Гриша достаточно скоро стал получать удовольствие от реализации их совместных разработок.
Несколько раз Гриша и Фима попадали в один цех и фабрику, при оказании помощи в спасении плана на производстве, что было обыденным в объединении. Практически каждый конец квартала объявлялся авральным, и научно-технические работники снимались со своих мест, дабы «заткнуть дыру» на производстве. Нельзя сказать, что такое отвлечение не било по самолюбию. Тем более, что попадание на поле деятельности «гегемона» практически всегда сопровождалось ехидными комментариями рабочих: «Понюхайте нашего пороха бездельники!»
Ну, такое мнение рабочего класса, воспитанного на идеологии партийного восхваления, было естественным. Их труд был самым главным и самым нужным. А ИТР просто «протирают штаны» и незаслуженно получают зарплату.
Фима с большим удовольствием развенчивал эту иллюзию. Благо, станков и линий от ПКТБ, внедренных на производстве хватало.
- Значит, по-вашему, в ПКТБ собрались сплошные бездельники, которые зря едят свой хлеб? Давайте разберемся. Скажите, а много ли вы наработали бы, если сейчас у вас забрать все чертежи, которые для вас спроектировали конструкторы по мебели из мебельного отдела ПКТБ?
- Нет. Конструкторов по мебели мы не имеем в виду. Они работают и приносят пользу.
- А на сборочной вайме, которую вы сегодня эксплуатируете, заводскую бирку искать не пытались? Сообщаю. Она задумана, спроектирована, изготовлена и запущена в производство силами ПКТБ. Как Вы раньше собирали тумбочки? Вручную? Не желаете ли, чтобы вайму демонтировали?
- Э, нет! Лучше еще одну установите рядом.

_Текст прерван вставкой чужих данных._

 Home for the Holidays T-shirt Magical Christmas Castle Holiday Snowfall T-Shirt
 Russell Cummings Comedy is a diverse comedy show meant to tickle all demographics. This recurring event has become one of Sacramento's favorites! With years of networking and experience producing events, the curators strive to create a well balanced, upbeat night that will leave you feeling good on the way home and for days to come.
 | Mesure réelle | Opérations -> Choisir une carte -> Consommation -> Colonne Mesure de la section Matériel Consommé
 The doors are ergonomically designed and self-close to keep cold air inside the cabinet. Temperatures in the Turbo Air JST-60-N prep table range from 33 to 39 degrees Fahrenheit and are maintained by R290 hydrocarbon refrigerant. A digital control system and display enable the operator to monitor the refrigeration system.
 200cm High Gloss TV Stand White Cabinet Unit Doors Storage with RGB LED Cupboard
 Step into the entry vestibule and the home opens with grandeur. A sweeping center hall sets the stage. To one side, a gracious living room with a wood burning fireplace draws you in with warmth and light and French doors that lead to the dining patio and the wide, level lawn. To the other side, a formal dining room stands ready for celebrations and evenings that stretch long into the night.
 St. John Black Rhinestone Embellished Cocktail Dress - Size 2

- Уже теплее. А вот та серия присадочных станков в составе линии вам не мешает? А рольганги с транспортерами? Только у вас в цехе не один десяток единиц оборудования, которые вам облегчают труд и существенно увеличивают производительность. Они задуманы и спроектированы конструкторами, а изготовлены в механическом цехе ПКТБ. Кстати, технология и чертежи, по которым изготавливалось оборудование, согласованы и оплачены вашим руководством. Может быть, вы считаете, что ваши начальники плохо считают деньги? Если вы захотите узнать, зачем нужно «прикармливать» какое-то ПКТБ, задайте этот вопрос своим директору, главному инженеру и главному экономисту? Ответ вас удивит. Кстати, ваша фабрика – не единственная. У ПКТБ в плановых заказчиках ходят все мебельные фабрики Омского региона. И заказов на два года вперед. Посоветуйте вашему руководству экономию на наших разработках. Вы этим весьма обрадуете другие фабрики, продвинув их очередь.

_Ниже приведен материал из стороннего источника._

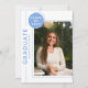 Photo Graduation Party Modern Script Blue Invitations feature your favorite photo with the simple text "Graduate" and your graduation party invitation information on the reverse. Personalize by editing the text in the text boxes provided and adding your favorite photo. Created by ©Evco Studio www.zazzle.com/store/evcostudio

Этакий маленький экономический «ликбез» Фима проводил с работниками всех мебельных фабрик во время подобных «командировок». Своих рабочих он давно уже отучил свысока смотреть на конструкторский труд. Прошло то время, когда можно было его «подковырнуть» на плохом знании технологии производства. Фима умел учиться и давно усвоил базисный принцип: «Хороший конструктор, кроме всех прочих основных знаний и умения найти правильное решение, должен знать технологии сопутствующих производств на уровне главных технологов этих производств».
А это значило, что уши и мозги должны быть всегда открыты для любой информации, а известная ленинская фраза «учиться, учиться и еще раз учиться», - не терять актуальности никогда.

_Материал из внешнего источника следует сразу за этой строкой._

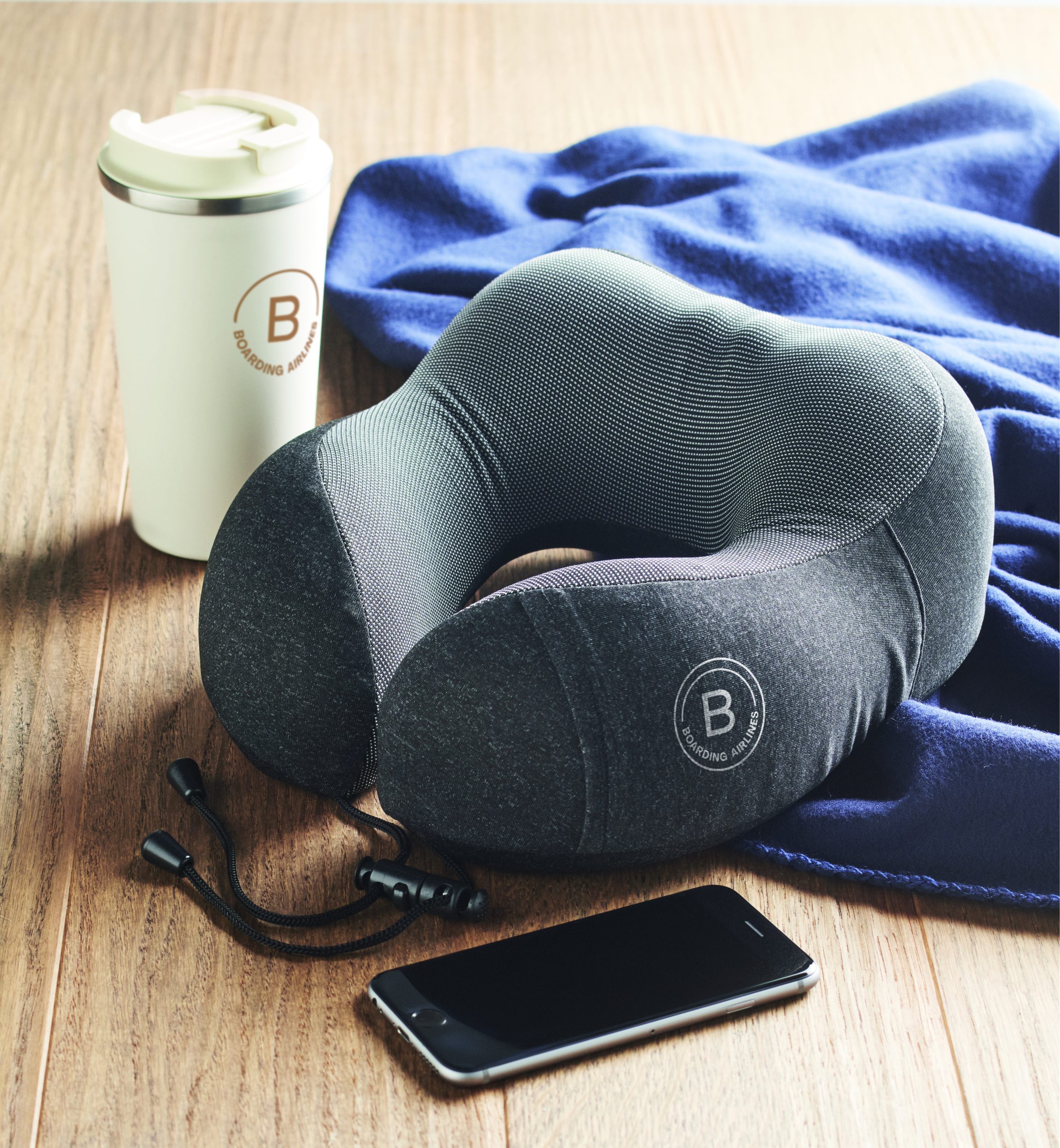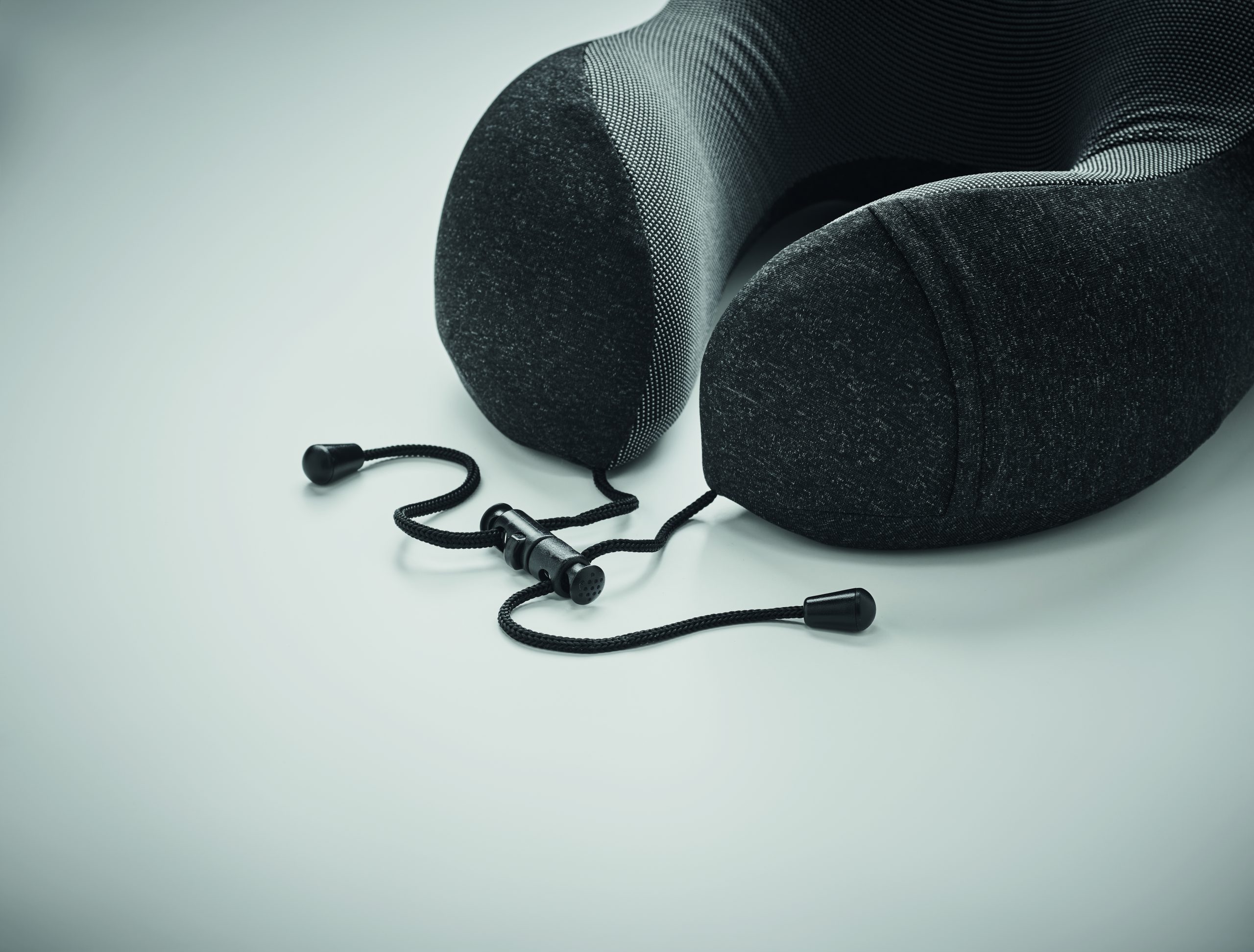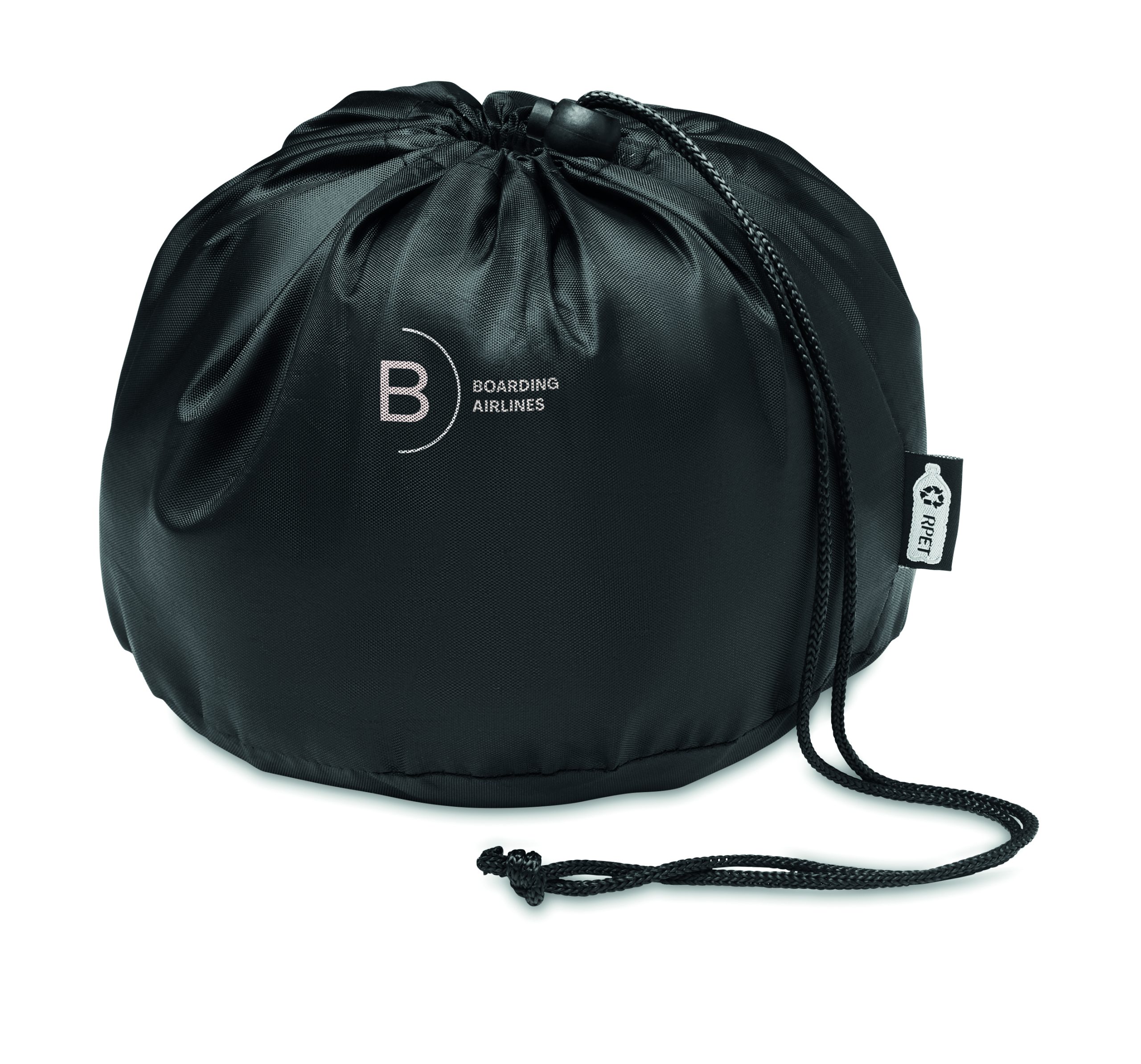 Poduszka podróżna z tkaniny kationowej. W komplecie z torbą z poliestru RPET ze sznurkiem. Często wykorzystywana w samochodzie, pociągu lub samolocie.

И еще к одному жизненному принципу подвиг Фиму Гриша. При обсуждении в отделе проблемных задач Гриша каждый раз норовил подбросить какое-то совершенно (на первый взгляд) алогичное направление решения. И, удивительное дело, там, где наработанный багаж технических решений не срабатывал, Гришин «маразматический абсурд» пробивал брешь неразрешимости. Отдел нестандартного оборудования справлялся с нетривиальной задачей, полностью оправдывая свое название.
Еще более приятельские отношения между Фимой и Гришей закрепились после Фиминой очередной поездки в Киев. Фимин отпуск, в связи с строительными баталиями, с августа перенесся на октябрь, совпав с Гришиным отпускным графиком.
Гриша изначально планировал провести весь отпуск в Риге. Но, учитывая приглашение коллеги, решил скорректировать график и маршрут, выделив неделю на посещение столицы Украины.
Октябрь 1985 года подарил Киеву теплую, без осадков погоду. До Гришиного приезда Фима «купался» в общении с тремя мальчишками-погодками. Его сыну Саше, самому старшему из этой компании, исполнилось 5 лет. Двое детей Фиминого брата  перешагнули трехлетний и четырехлетний рубеж. Самый умилительный и забавный возраст.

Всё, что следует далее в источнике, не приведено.